No. zero terminated strings is the whole problem in the first place.
This is where both buffer overflows and retrograde performance comes
from. The whole CLIB style of '\0' terminated strings forces the
programmer to think in terms of implementation and constantly respin
solutions to common problems. Every other modern language in
existence basically solves lets the programmer think about strings
just as strings. So what we want is something closer to how other
programming languages deal with strings (like Python, Perl, Java,
Pascal, etc), while supersetting the CLIB char * nonsense. Guess what
-- bstrlib *does* this.

By giving the programmer the choice of zero terminated strings
OR length prefixed strings the language would retain compatibility
and at the same time allow the development of more robust
applications.

Bstrlib is directly compatible with '\0' terminated strings (it implicitely
concatenates '\0's automatically.) Bstrlib doesn't make it an either or choice
-- it supports both *simultaneously* while internally only using the length
based mechanism (since its faster, safer and more functional.) Bstrlib is a
*NO COMPROMISE* solution -- its truly portable, totally compatible with char *,
it outperforms everything (except Vstr), its safer than everything, and its
more functional than everything (except for missing Unicode support). Go
download it and study it. You're not going to be able to just poke holes in it
especially if you don't actually get it and understand how it works.
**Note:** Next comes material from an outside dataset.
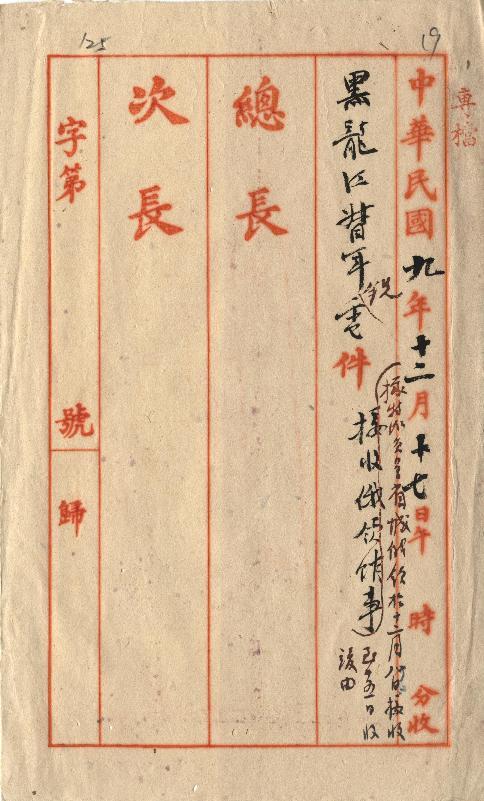 黑龍江督軍(民國09年12月)。[件名:接收俄領館事據特派員呈省城俄館已於十二月十五日接收竣事由]。《數位典藏與數位學習聯合目錄》。http://catalog.digitalarchives.tw/item/00/0a/b7/04.html(2025/05/20瀏覽)。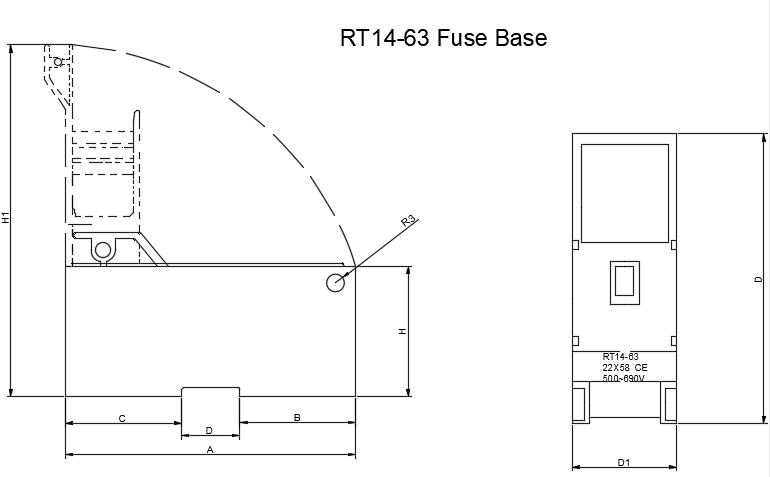Hot Tags: Wholesale 22x58 RT14-63 enclosed rail fuse base

Operator overloading makes possible to write such libraries without
too much pain.

Ok, this is a different thing, and it solves a different problem.
This is basically a focus on syntactical concerns more than anything
else [...]

[...] but syntax sugar *is* important to easy the usage of the new data
type. If not, we would all program on assembler.

We have C++ for this. (Fortunately Bstrlib has a C++ API for people who want
this!)

As I have posted before, it would make more sense if there were
*additional* operators (using multipler operator characters and some
previously unused characters such as @, $ to create things that look
like: @+, $*, @==, $^^, etc) that basically had empty definitions
unless actually defined. There are other operator overloading things
such as:

X"..."
"..."X
3.75X

Where the X could be other letters. This gives programmers a way of
using operator overloading without suffering from the confusion of
using previous operators that someone reading the code can easily
mistake for having different semantics from what they think. See?
Its still explicit (something C is useful for) while providing for
more modern functionality.

This is quite correct Paul. But I have an incredible difficult time
trying to convince people about the need of evolution in C, and by the
other answers in this thread you can immediately see that the
conservative mood (innovation is off topic here) prevents any discussion
about improvements like the one you propose. I wanted to use greek
letters for new operators like
SIGMA j=1,inf (expression in j)

Look -- its because you are not thinking in the right terms. If you extend the
language in which it is *CLEAR* that you have truly made forward progress that
is not easily duplicated with the old standard then it will foster interest.
Using greek letters in the source code -- that's just going to create more
problems for source analysis tools and text editors.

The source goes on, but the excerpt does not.